Aim of the exercise:
Everything from the line containing "Da die Wasserversorgung" to the end of the listing, both included, should be returned exactly, apart from the pictures.

Information shown:

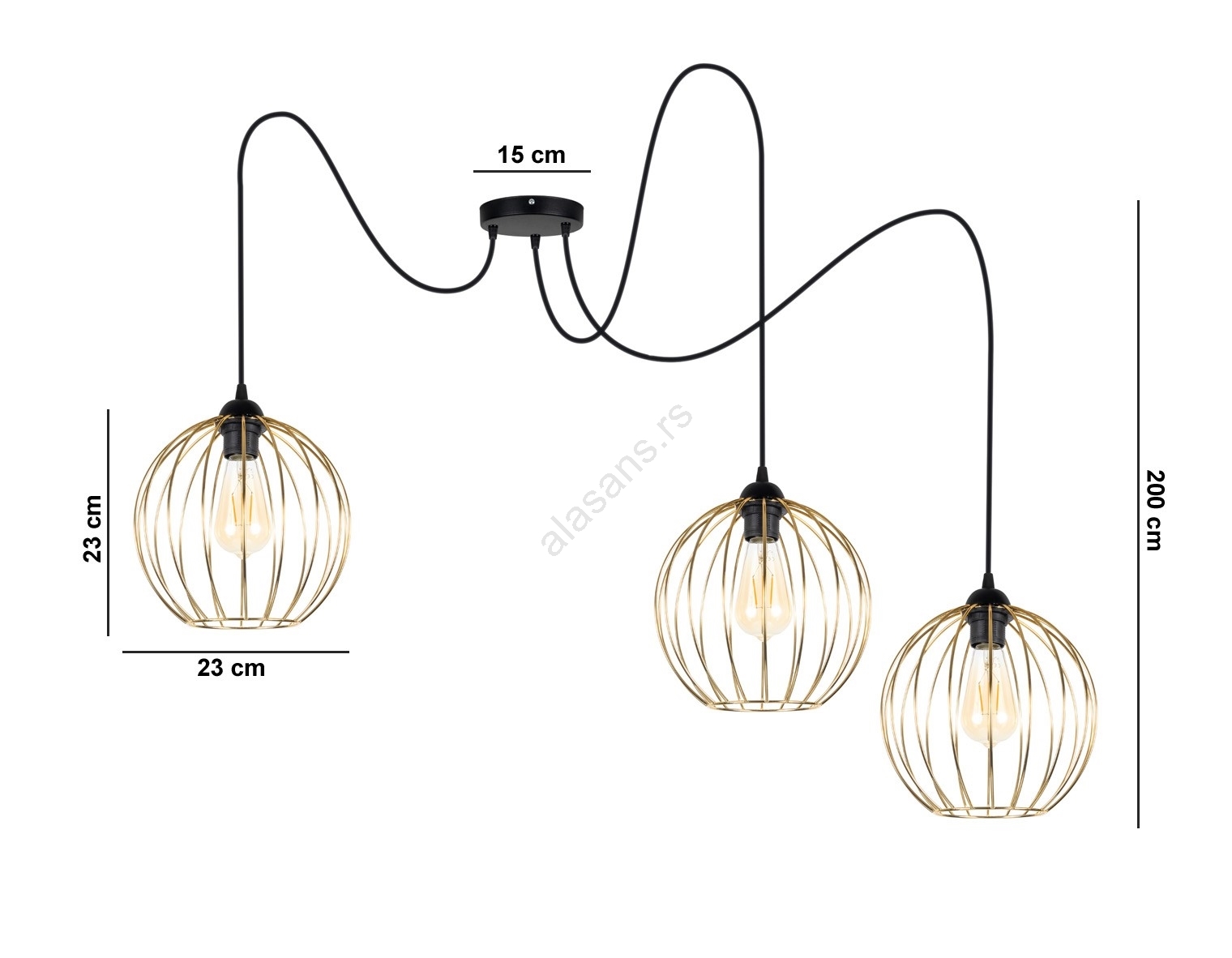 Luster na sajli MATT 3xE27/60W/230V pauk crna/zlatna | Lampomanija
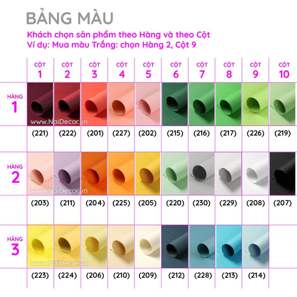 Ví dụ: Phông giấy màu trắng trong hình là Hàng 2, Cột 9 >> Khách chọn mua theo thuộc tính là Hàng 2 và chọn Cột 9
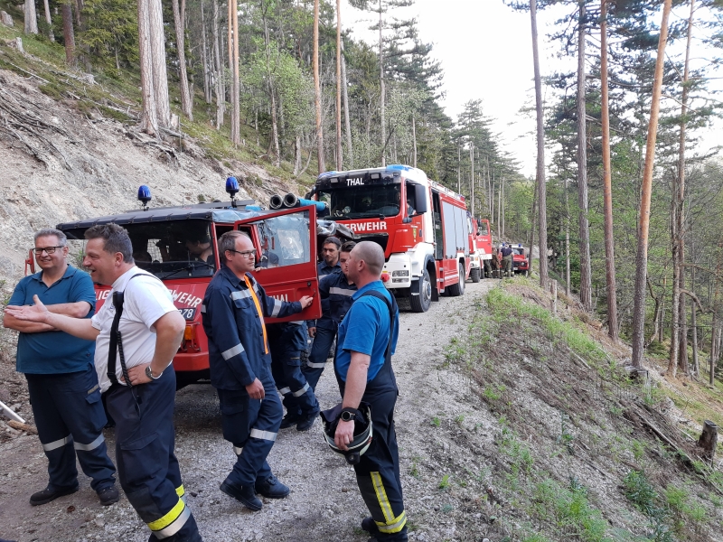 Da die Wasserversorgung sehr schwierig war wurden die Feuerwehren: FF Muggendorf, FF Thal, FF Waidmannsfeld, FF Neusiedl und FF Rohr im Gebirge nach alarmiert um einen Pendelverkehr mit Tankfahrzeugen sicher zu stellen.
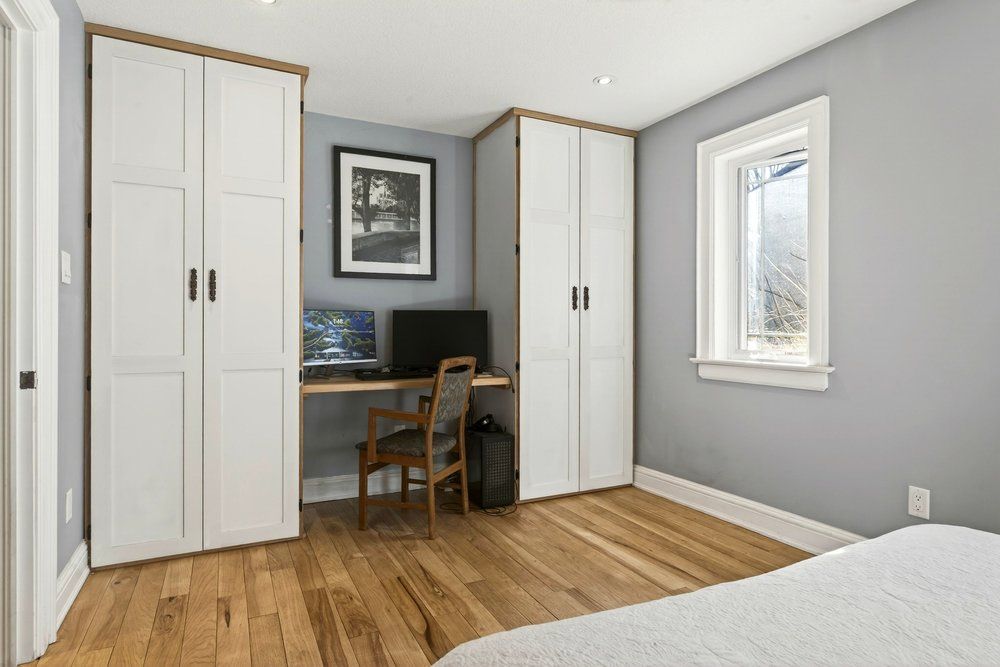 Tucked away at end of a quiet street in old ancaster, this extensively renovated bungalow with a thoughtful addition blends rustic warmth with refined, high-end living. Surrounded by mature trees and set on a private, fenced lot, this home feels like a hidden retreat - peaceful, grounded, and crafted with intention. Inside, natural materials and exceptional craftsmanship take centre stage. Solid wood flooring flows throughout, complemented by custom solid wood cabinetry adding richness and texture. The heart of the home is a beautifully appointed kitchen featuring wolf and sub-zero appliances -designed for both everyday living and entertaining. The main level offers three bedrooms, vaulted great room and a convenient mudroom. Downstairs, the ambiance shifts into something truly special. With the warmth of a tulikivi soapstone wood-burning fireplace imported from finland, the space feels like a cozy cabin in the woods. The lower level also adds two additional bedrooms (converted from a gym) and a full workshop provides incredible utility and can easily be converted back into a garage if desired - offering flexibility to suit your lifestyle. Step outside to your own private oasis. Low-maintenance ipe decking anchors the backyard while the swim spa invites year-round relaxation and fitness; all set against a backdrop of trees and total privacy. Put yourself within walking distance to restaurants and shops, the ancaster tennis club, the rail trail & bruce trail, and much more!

Solution for this problem:
 Da die Wasserversorgung sehr schwierig war wurden die Feuerwehren: FF Muggendorf, FF Thal, FF Waidmannsfeld, FF Neusiedl und FF Rohr im Gebirge nach alarmiert um einen Pendelverkehr mit Tankfahrzeugen sicher zu stellen.
 Tucked away at end of a quiet street in old ancaster, this extensively renovated bungalow with a thoughtful addition blends rustic warmth with refined, high-end living. Surrounded by mature trees and set on a private, fenced lot, this home feels like a hidden retreat - peaceful, grounded, and crafted with intention. Inside, natural materials and exceptional craftsmanship take centre stage. Solid wood flooring flows throughout, complemented by custom solid wood cabinetry adding richness and texture. The heart of the home is a beautifully appointed kitchen featuring wolf and sub-zero appliances -designed for both everyday living and entertaining. The main level offers three bedrooms, vaulted great room and a convenient mudroom. Downstairs, the ambiance shifts into something truly special. With the warmth of a tulikivi soapstone wood-burning fireplace imported from finland, the space feels like a cozy cabin in the woods. The lower level also adds two additional bedrooms (converted from a gym) and a full workshop provides incredible utility and can easily be converted back into a garage if desired - offering flexibility to suit your lifestyle. Step outside to your own private oasis. Low-maintenance ipe decking anchors the backyard while the swim spa invites year-round relaxation and fitness; all set against a backdrop of trees and total privacy. Put yourself within walking distance to restaurants and shops, the ancaster tennis club, the rail trail & bruce trail, and much more!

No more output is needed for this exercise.